Ben de bunu çocukken eminim yapmışımdır. Yetişkinler bile aynı yanılgı içindeyken çocuklar ne yapsın…
Evinden çalışan, bir şeyler yaratmaya, üretmeye çalışan kişiler genelde her zaman “serbest” görülüyor. Oysaki bir ofise gitmekten çok daha fazla çaba harcıyorlar. Kendi kendilerini disipline etmeleri gerekiyor çünkü. Her gün, düzenli olarak okuyup yazmazlarsa bir şey üretemiyorlar. Kendilerini geliştirmezlerse yerlerinde sayıyorlar. Üstelik onlar için eğitim programları düzenleyen firmaları yok.

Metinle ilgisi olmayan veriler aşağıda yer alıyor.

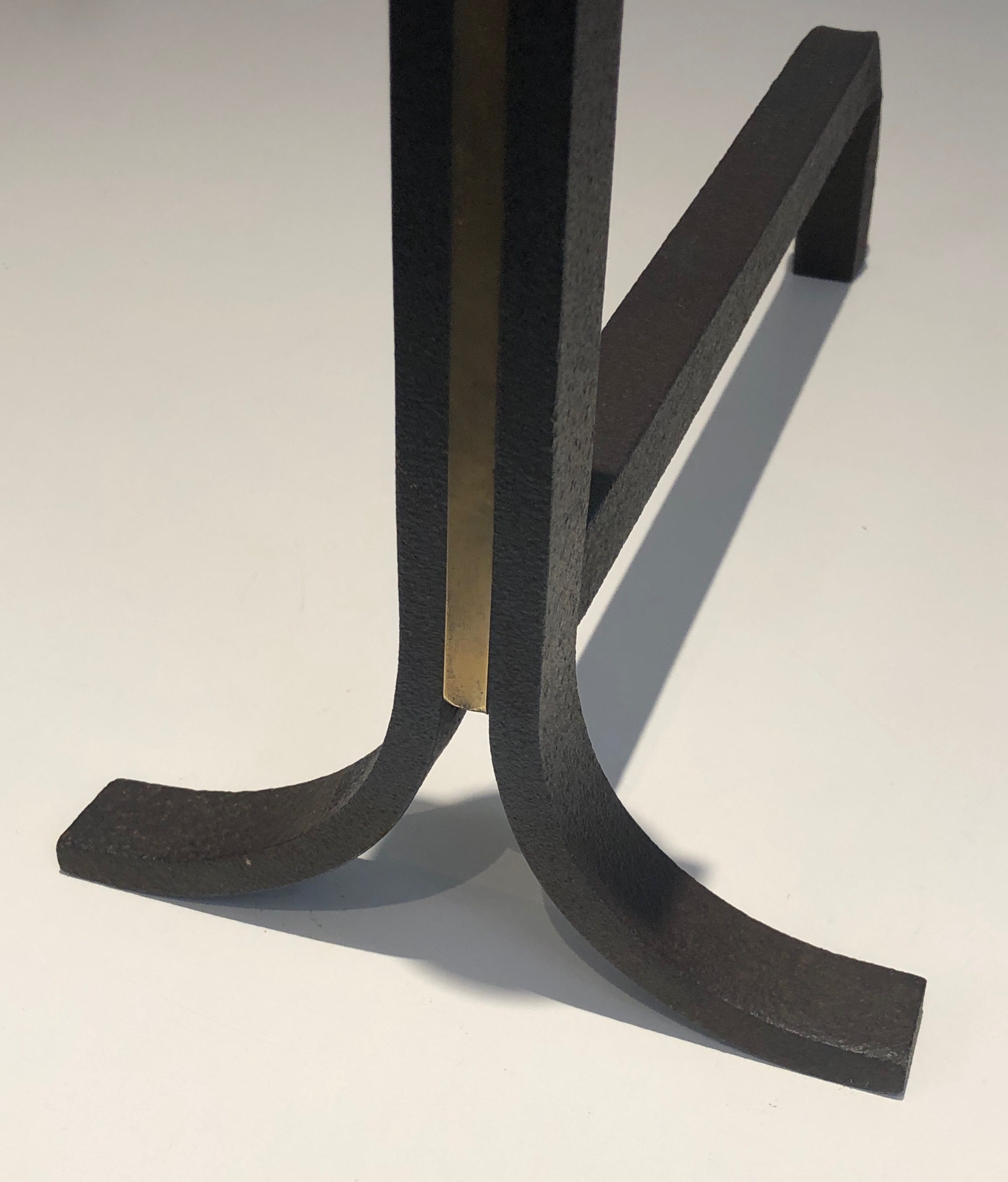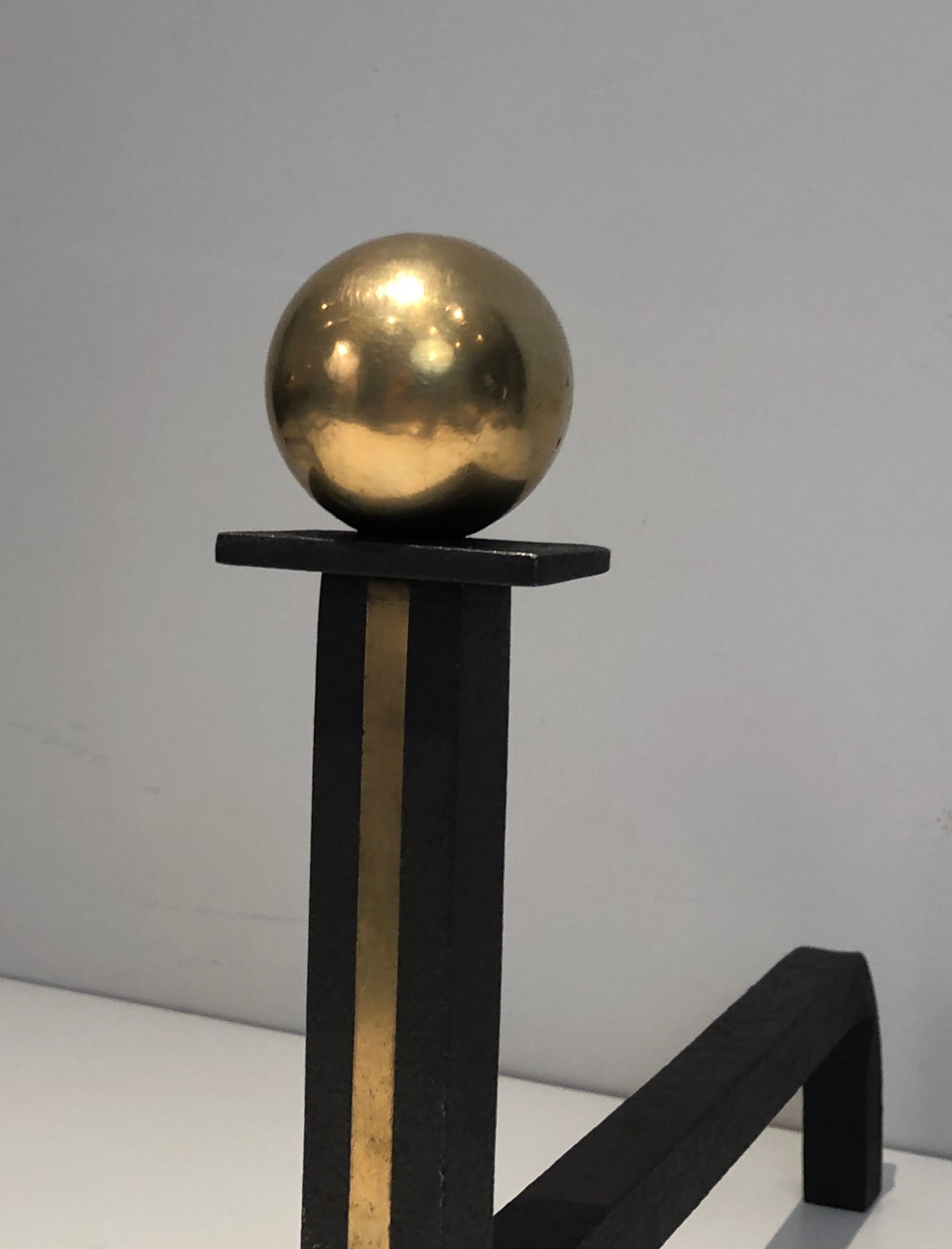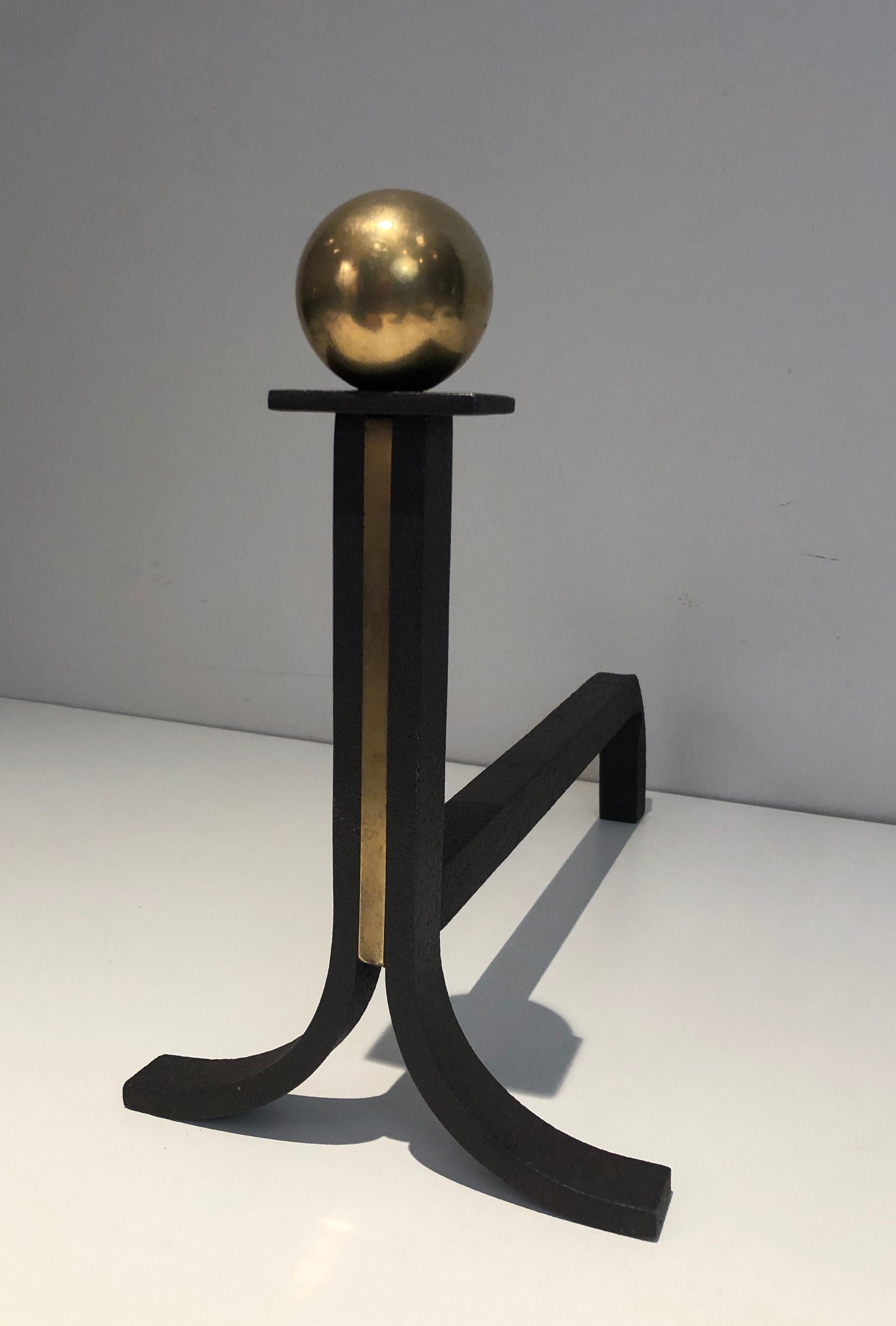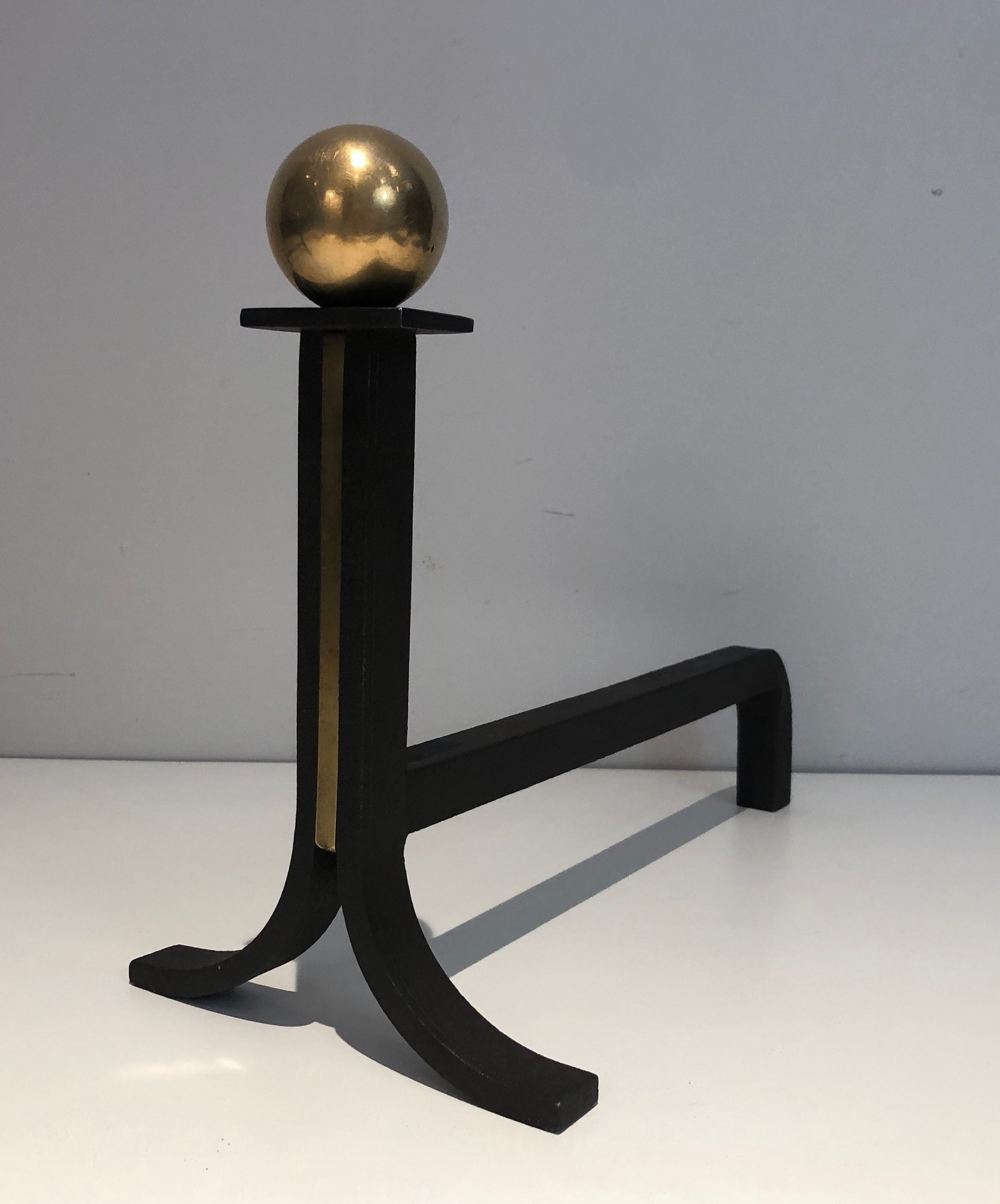Andirons of this quality and design sensibility would be a distinguished addition to any fireplace — whether in a formal salon, a library, or a contemporary living space. Their combination of iron and brass introduces a note of material richness that animates the hearth, while the modernist geometry ensures they sit comfortably in interiors ranging from the period to the thoroughly contemporary. Their attribution to Adnet's aesthetic makes them objects of genuine collector's interest as well as practical accessories of enduring elegance.

En büyük motivasyonları okurlarından gelen mektuplar, okullarda veya imza günlerinde onlarla bir araya gelebilmek, boyunlarına atlayan minik minik çocuklar, gelen güzel e-mail, sosyal medya mesajları,… Kimse onlar için motivasyon gezileri düzenlemiyor ki zaten…
“Ne kadar kazanıyorsunuz?” diye soruyor çocuklar, gittiğim okullarda. Veya “Bu bir meslek olabilir mi?” diyorlar. Gülüyorum hâliyle…
Eskiden anlamazdım. Şimdi anlıyorum.
Sadece “Aaaa hiç size kimse karşınızdakinin kazancını sormak doğru değildir demedi mi?” diyorum kıs kıs gülerek.
Niye şimdi heveslerini kırayım ki… Değil mi ama?
Diyeceğim o ki, bir kitabevine gittiğinizde, elinize aldığınız kitabı incelerken tüm emeğe, ayrılan zamana, uykusuz geçen gecelere, çürüyen dirseklere, başka şey yapacakken yapmayan iradeye saygı duymayı unutmayın, ne olur.